A winner at Caulfield first-up back in September, Hartnell has finished second at G1 level at his past two runs – firstly behind Humidor over 1600m in the Makybe Diva Stakes and then at 1800m in the Underwood Stakes by Bonneval.
On Saturday he gets out to 2000m and despite again being opposed by Bonneval, trainer James Cummings is satisfied the horse is at his peak.
“He looks to be in the best condition of his whole preparation,” Cummings said.
“We’ve been a bit disappointed that he couldn’t win at his last two, but we haven’t been disappointed with his effort.
“At each of his past two runs there have been things that didn’t go his way and he still ran very well to finish second and on Saturday he’s getting out to 10 furlongs for the first time this prep.
“He’s had three runs to bring to his top and I’m delighted with where he’s at, he’s really blossomed since the Underwood Stakes.
“I think he’ll give himself every opportunity to turn the tables on what is obviously a very good mare.”
Hartnell is the winner of six races in Australia, including two of the country’s best middle-distance G1 races – the BMW and the Turnbull Stakes – and has earned almost A$4.5 million.
He has been placed in a G1 Cox Plate and G1 Melbourne Cup as well as being the best competitor faced by world-champion mare Winx having finished second to her four times during her 21-win sequence.
Hartnell meets a multi-national group at Caulfield including the Irish pair Riven Light, Johannes Vermeer and Taj Mahal, the classy New Zealanders Jon Snow and Bonneval and the former French runner Gailo Chop.
He is to be ridden for the first time by Glyn Schofield.
The colts Kementari and Sanctioned are primed for career-best performances in Saturday’s G1 Caulfield Guineas, a race that features prominently in the Australian operations of Godolphin and Darley, and their founder Sheikh Mohammed.
The two James Cummings-trained runners will be attempting to repeat the victories of Long John in 2013, of Helmet two years earlier, who both carried Sheikh Mohammed’s colours, and of Lonhro, now a Darley stallion, who won a vintage renewal in 2001.

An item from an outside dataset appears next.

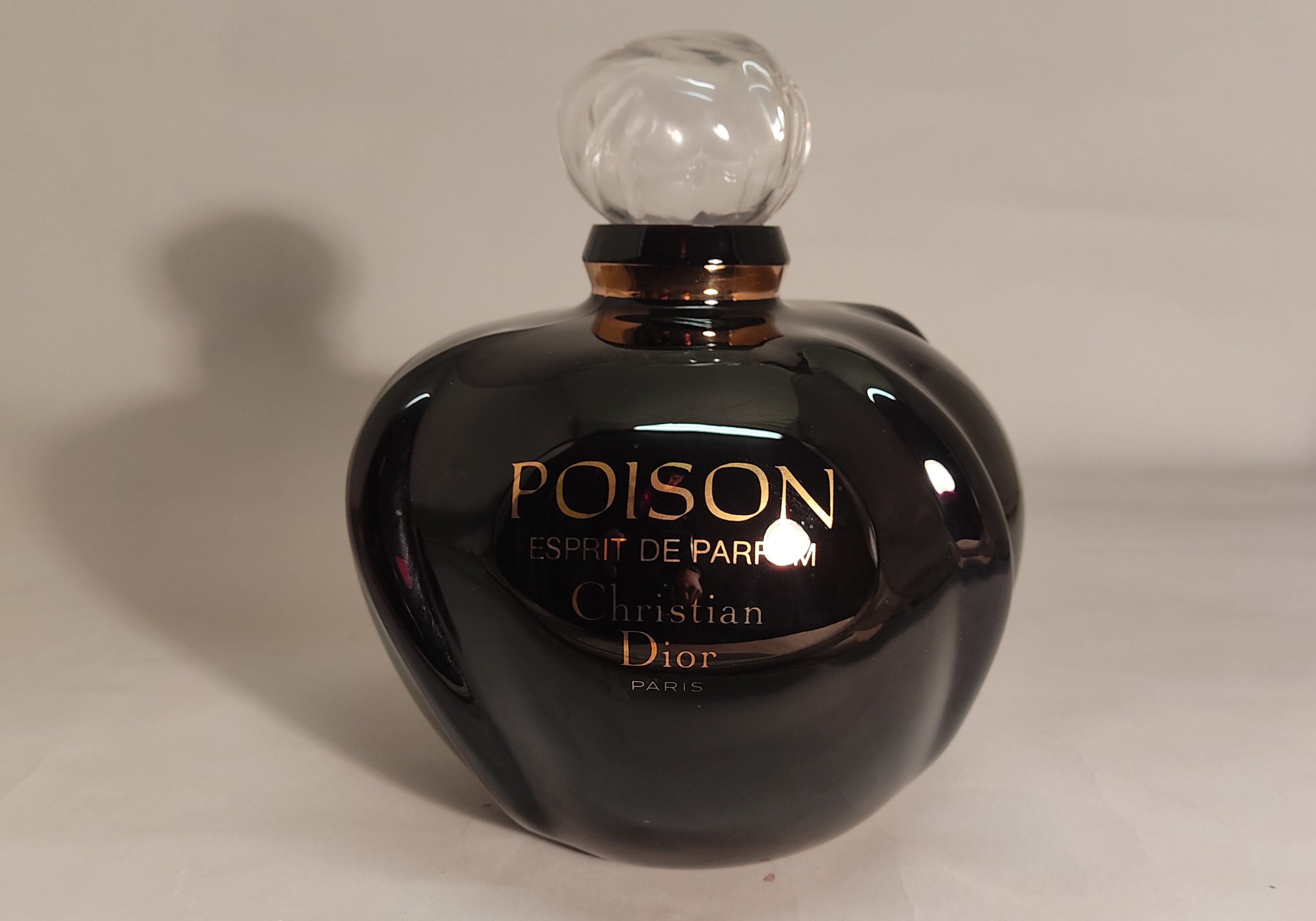 Flacon publicitaire décoratif en verre pressé moulé teinté améthyste, titré, figurant une pomme stylisée, dessiné par Véronique Monod.

For Kementari (Damian Lane), the Guineas comes at the third run of a preparation that is full of promise.
The son of Lonhro has raced twice this time in, finishing third in the G3 Guineas Prelude last time out, and Cummings is satisfied his preparation has been faultless.
“He’s had a really attractive grounding for the 1600m third-up and I loved his Guineas trial in the Prelude when he warmed to the task late in the race,” Cummings said.
“I thought it was a beautiful trial.”
Before that, Kementari raced well when fourth to Menari in the G2 Run To The Rose over a 1200m trip he found too short.
“This is the race we’ve set him for and he’s ready to run well despite coming up with a slightly tricky barrier,” his trainer said.
“The race has brought together a field of very good colts and a filly who has very good form, but that’s what you expect in a Guineas and I think he has the quality and the form to be in there with them.”
Sanctioned (Glyn Schofield) comes to the race after finishing fourth last start in the G1 Spring Champion Stakes at Randwick last Saturday.
While Cummings acknowledges the preparation is less- than traditional, he believes the Teofilo colt will handle it.
“He’s a horse who copes with his racing really well,” he said.
“From a wide barrier in the Champion Stakes last Saturday he got back in a slowly-run race and motored home well from the back of the field, which isn’t his pattern.
“The good thing is that he’s got form around all the important horses and I like it that he’s coming back to 1600m here.”